$11\mid 231$ because $2 - 3 + 1 = 0$: What divisibility test is this?

Question

I am told that $11 \mid 231$ because $2 - 3 + 1 = 0$.

Could people please explain to me what divisibility test is this? Thanks.

Answer 1

It is this test: if the decimal expansion of a number $n$ is $d_kd_{k-1}\ldots d_1d_0$, then $11\mid n$ if and only if $n\mid d_0-d_1+d_2-\cdots+(-1)^kd_k$.

This follows from the fact that $n=\sum_{j=0}^kd_j10^j$ and that $10^j\equiv(-1)^j\pmod{11}$, for each natural $j$.

Answer 2

A way of seeing this is the following. Let $N \in \mathbb{Z}$, with its decimal expansion being

$$ N = \sum_{i = 0}^ka_i10^i $$

For example, if $N = 456$, we have $N = 4 \cdot 10^2 + 5 \cdot 10^1 + 6 \cdot 10^0$. Now, $N$ will be divisible by $11$ iff $N \equiv 0 \pmod{11}$, that is, if and only if

$$ 0 \equiv \sum_{i = 0}^ka_i10^i \equiv \sum_{i = 0}^ka_i(-1)^i \pmod{11} $$

where here we use that $10 \equiv -1 \pmod{11}$. Thus, a number will be divisible by $11$ if and only if the alternating sum of its digits is.

Answer 3

$$231 = 2\cdot 100+3\cdot 10+1\cdot 10^0 \equiv_{11} 2\cdot (1)+3\cdot (-1)+1\cdot (1) =\color{red}{2 -3+1 =0}$$

Answer 4

This is the divisibility test for $11$

If the difference of the alternating sum of digits of $N$ is a multiple of $11$.

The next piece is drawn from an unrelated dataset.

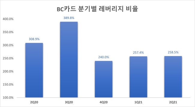 기업분석전문 버핏연구소 조사에 따르면 BC카드의 올해 상반기 레버리지비율은 258.45%로 1위를 기록했다. 이어 삼성카드(029780)(346.79%), JT캐피탈(376.17%), 하나카드(473.69%), DB캐피탈(476.07%) 순이다.

Example: $2343$ is divisible by $11$ because $2-3+4-3=0$ which is a multiple of $11$

Answer 5

The remainder of $10^k$ modulo $11$ is $(-1)^k$, as $10$ and $-1$ have the same remainder. So given a positive integer $a_na_{n-1}\cdots a_1a_0= a_010^0+a_{1}10^{1}+\cdots +a_{n-1}10^{n-1}+a_{n}10^{n}$, its remainder modulo $11$ is $a_0-a_{1}+-\cdots +a_{n-1}(-1)^{n-1}+a_{n}(-1)^{n}$.

So you just have to add the digits with alternating signs. Two important things:

• start from the last digit, that has positive sign
• you can iterate this. So the remainder of $18332107$ is the same as the remainder of $13$ is the same as the remainder of $2$, so $2$.

Answer 6

Suppose you list a number as a list of number starting from the ones digits.

$N = [d_0,d_1,d_2,...]$

For instance, 4325 would be written as [5,2,3,4].

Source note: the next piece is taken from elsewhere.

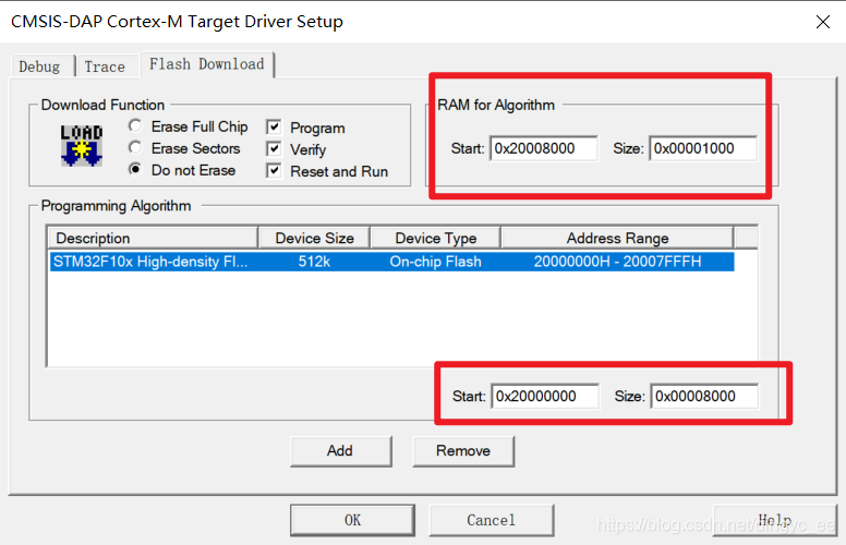 得到 SRAM 版本的代码指令后,为了把它下载到芯片的 SRAM 中,还需要修改下载器的配置,如图所示:

Then $11N$ would be $[d_0,d_0+d_1,d_1+d_2,d_2+d_3,...,d_k]$.

In the example of $N=4325$, $11N$ would be 47575, or [5,7,5,7,4], or [5,5+2,2+3,+3+4,4]. You can do long multiplication to see this, or note that $11N = 10N+N$. Multiplying by ten shifts the digits over, so you have $[0,d_0,d_1,...]+ [d_0,d_1,...] = [d_0,d_0+d_1...]$.

So when you alternately add and subtract digits, you get $d_0-(d_0+d_1)+(d_1+d_2)-(d_2+d_3)...=(d_0-d_0)+(-d_1+d_1)+(d_2-d_2)+d_3 ... = 0$.

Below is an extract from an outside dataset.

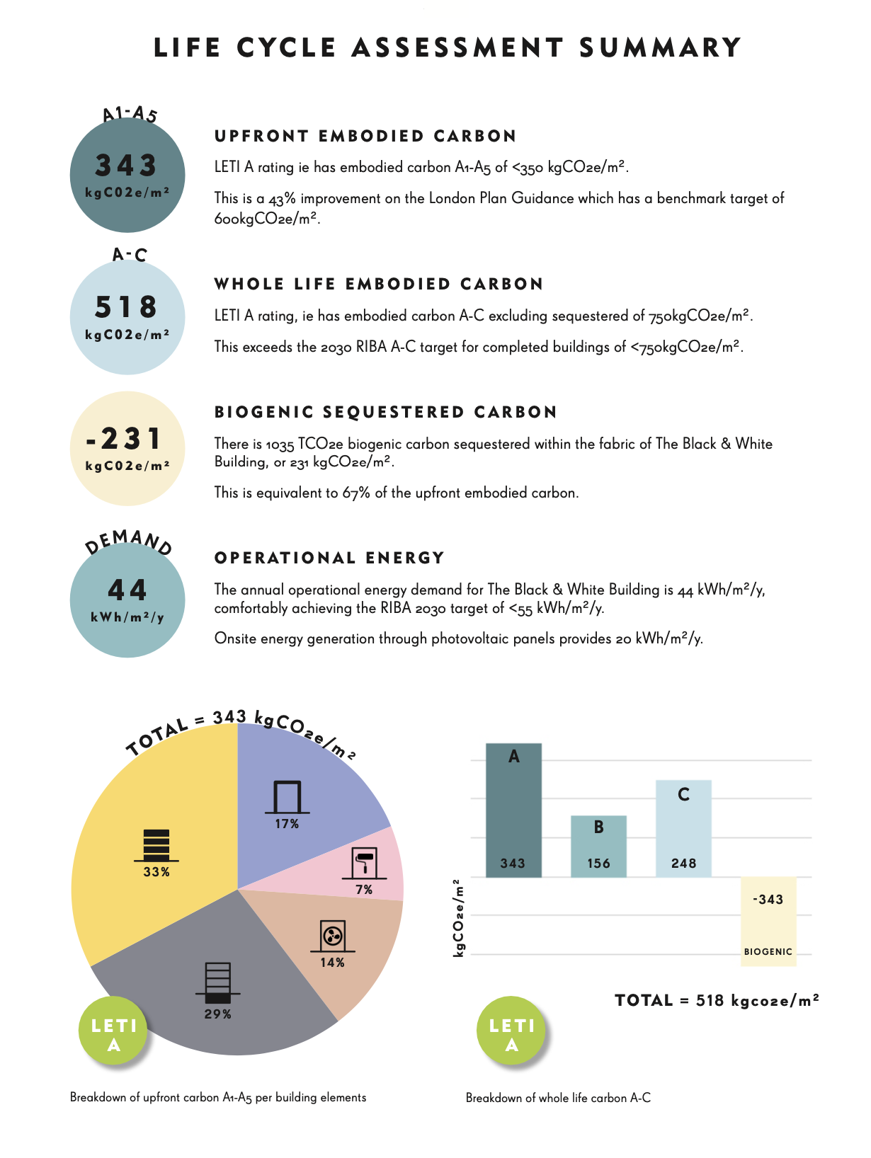 As part of our design methodology for The Black and White Building, we have produced a Life Cycle Assessment (LCA) to accurately quantify the whole life carbon outputs of our building.

So without carries, this alternating sum will always be zero. With carries, you're subtracting 10 from one power of ten and adding one to the next. With the alternating sum, the signs of those will be different, so you'll either subtract ten from the sum, then subtract one, or add one, then subtract a negative one. Either way, you're changing the sum by a multiple of 11.

Example:

57*11 gives 5 in the hundred place, 12 in the tens place, and 7 in the ones place. So if you were to do an alternating sum, you would get 5-12+7. But 12 isn't a digit, so you have to carry the 1 from the tens place to the hundreds place. In doing so, you're changing the 5 to a 6 (adding 1), and changing the 12 to a 2 (subtracting 10). In your alternating sum, you have (5+1)-(12-10)+7. You're adding one to the first parentheses, and subtracting negative ten for the second, which means that you're increasing the result by 11.